Invero, secondo un consolidato indirizzo giurisprudenziale, in tema di correzione di errori materiali, la decisione sulla relativa istanza può essere assunta anche da un collegio in diversa composizione rispetto a quello che ha emesso la decisione da emendare, atteso che la procedura ex art. 130 cod. proc. pen., non comportando alcuna modificazione essenziale dell’atto, non necessariamente va eseguita ad opera delle medesime persone fisiche che lo hanno deliberato (Sez. 1, n. 16708 del 07/03/2025, Rv. 287891-01; nello senso in precedenza Sez. 2, n. 21986 del 05/03/2010, Rv. 247547-01 e Sez. 1, n. 119 del 22/10/1994, dep. 1995, Rv. 200086-01).
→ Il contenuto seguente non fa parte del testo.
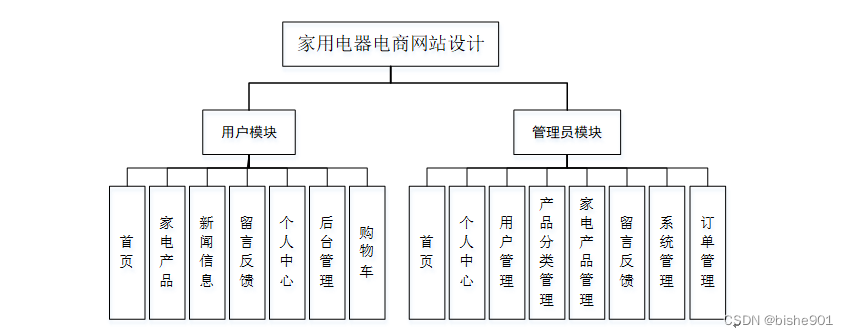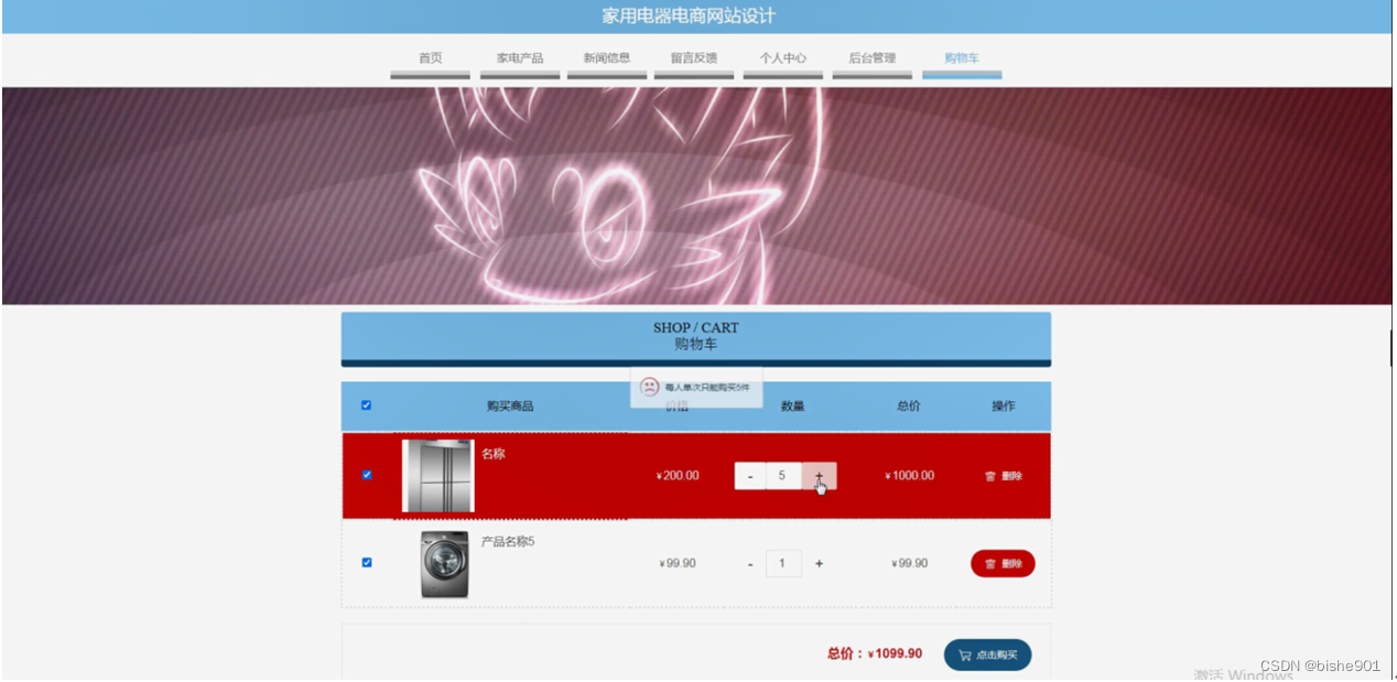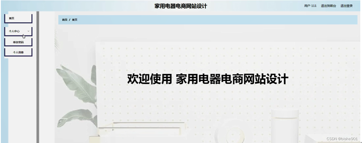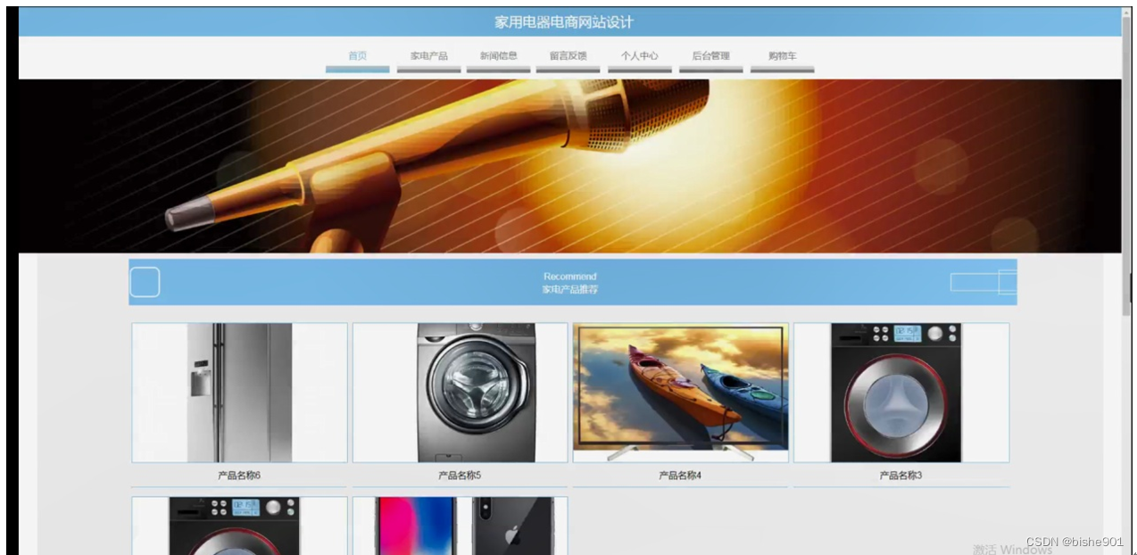 家用电器电商网站,在网站首页可以查看首页、家电产品、新闻信息、留言反馈、个人中心、后台管理、购物车等内容,并进行详细操作;如图5-1所示。

E’ fondato, invece, il primo motivo, il cui accoglimento assorbe anche l’ulteriore doglianza.
L’art. 130, comma 3, cod. proc. pen. dispone che il giudice provvede alla correzione dell’errore materiale in camera di consiglio a norma dell’art. 127 cod. proc. pen.
L’ordinanza emessa de plano, senza la fissazione dell’udienza in camera di consiglio e relativo avviso alle parti, è dunque affetta da nullità di ordine AVV_NOTAIO ai sensi dell’art. 178 cod. proc. pen. (ex plurimis Sez. 4, n. 8612 del 08/02/2022, Rv. 282933-01).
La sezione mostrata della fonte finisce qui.